Nontech acquirers are increasingly active in the technology sector
For technology industry acquirers, this interest from other industries and financial sponsors means more competition and higher deal premiums. The mounting competition requires tech companies to be more rigorous in what they bid on, with clear plans for realizing synergies.
Technology acquisitions require a different approach
Nontech companies buying tech assets have a new set of rules to follow. In many ways, technology companies are different from those in any other industry, and there are meaningful risks that need to be anticipated and mitigated.
Acquirers need to take a different approach to sourcing the right assets. Those more accustomed to purchasing large public companies need to plug into venture capital networks to track opportunities and court founder-led businesses. Some companies are doing this by investing in corporate venture capital, placing smaller investments to foster relationships that can lead to a future acquisition and integration of the assets.
In diligence, it may be necessary to anticipate a more forward-looking financial assessment. In traditional due diligence, much of the effort involves evaluating a target’s past business performance and current competitive position. In digital M&A, acquirers need to become more forward looking, possibly through approaches that evaluate the potential success of the business model under different scenarios as well as through a rigorous understanding of the customers and their evolving needs.
Then, there is the matter of financing.
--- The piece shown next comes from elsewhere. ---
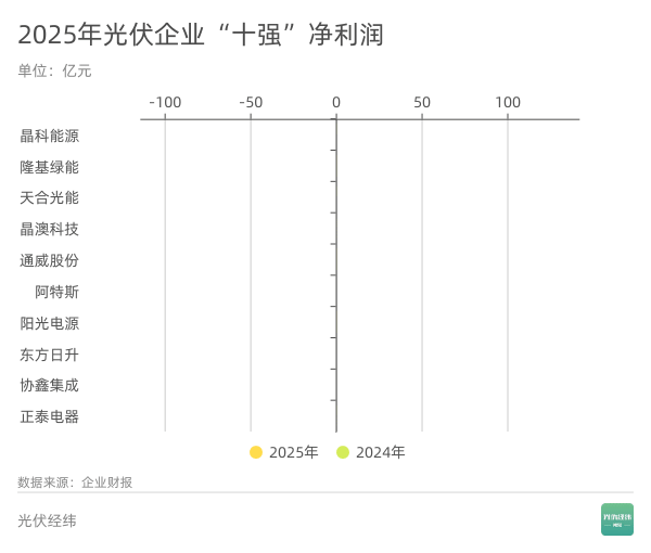 净利润是企业盈利能力的核心体现,2025年,十强企业净利润表现分化更为明显,进一步凸显了不同赛道的抗风险能力差异,也反映出光伏行业“强者恒强、弱者承压”的洗牌格局。

Tech assets typically are expensive compared with those in other industries, often selling at discouragingly high multiples. To mitigate the risk linked with the target’s high multiples, acquirers need to evaluate all potential ﬁnancing solutions and consider adapted payment terms such as earn-outs or other deferred payment mechanisms. For many, the right answer will be alternative participation models such as partnerships (with or without equity) and not outright ownership.
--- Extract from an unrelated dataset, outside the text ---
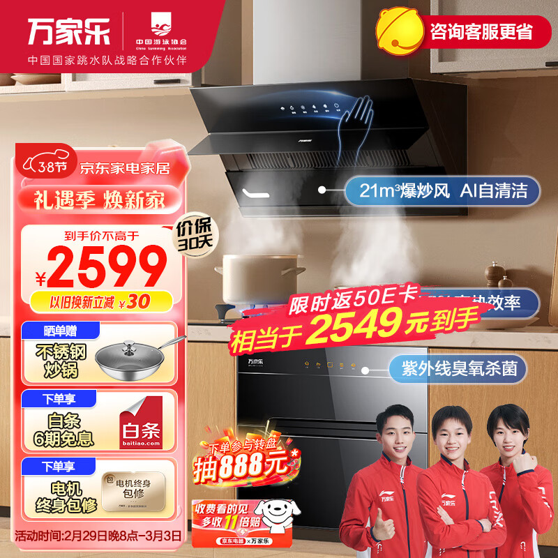 万家乐 抽油烟机侧吸自清洗21m3/min挥手智控5.0kW燃气灶110L消毒柜烟灶消三件套AJ4+KV061B+DQ052天然气价格:2799.00元!

Given the high premiums and risk of acquiring tech assets, it is more important than ever to have a clear integration thesis and a clear understanding of the critical few decisions that will make or break the success of the deal. The integration thesis needs to translate the deal thesis into a roadmap of what needs to be integrated (or not integrated), when to integrate, and how to go about the integration.
In technology deals, talent and culture retention are particularly important for deal success. That is why Amazon offered $100 million in stock awards to retain the more than 900 employees of Zoox, the self-driving car start-up it bought last year. The deal was conditional on acceptance of this retention incentive by a majority of employees. Acquirers must avoid the common mistake of forcing the legacy culture, policies, and approaches onto the new acquisition—it is a recipe for talent defection.
Finally, acquirers need to ensure that the operating model for both companies is designed to integrate enough to enable the new asset to add value to the acquirer’s existing business without stifling the acquired company and killing the operating mechanisms that allowed it to be so innovative in the first place.
As technology deal activity maintains its healthy pace, learning to play by new rules will make the difference between those companies that guide the digital future and those that are written out of it.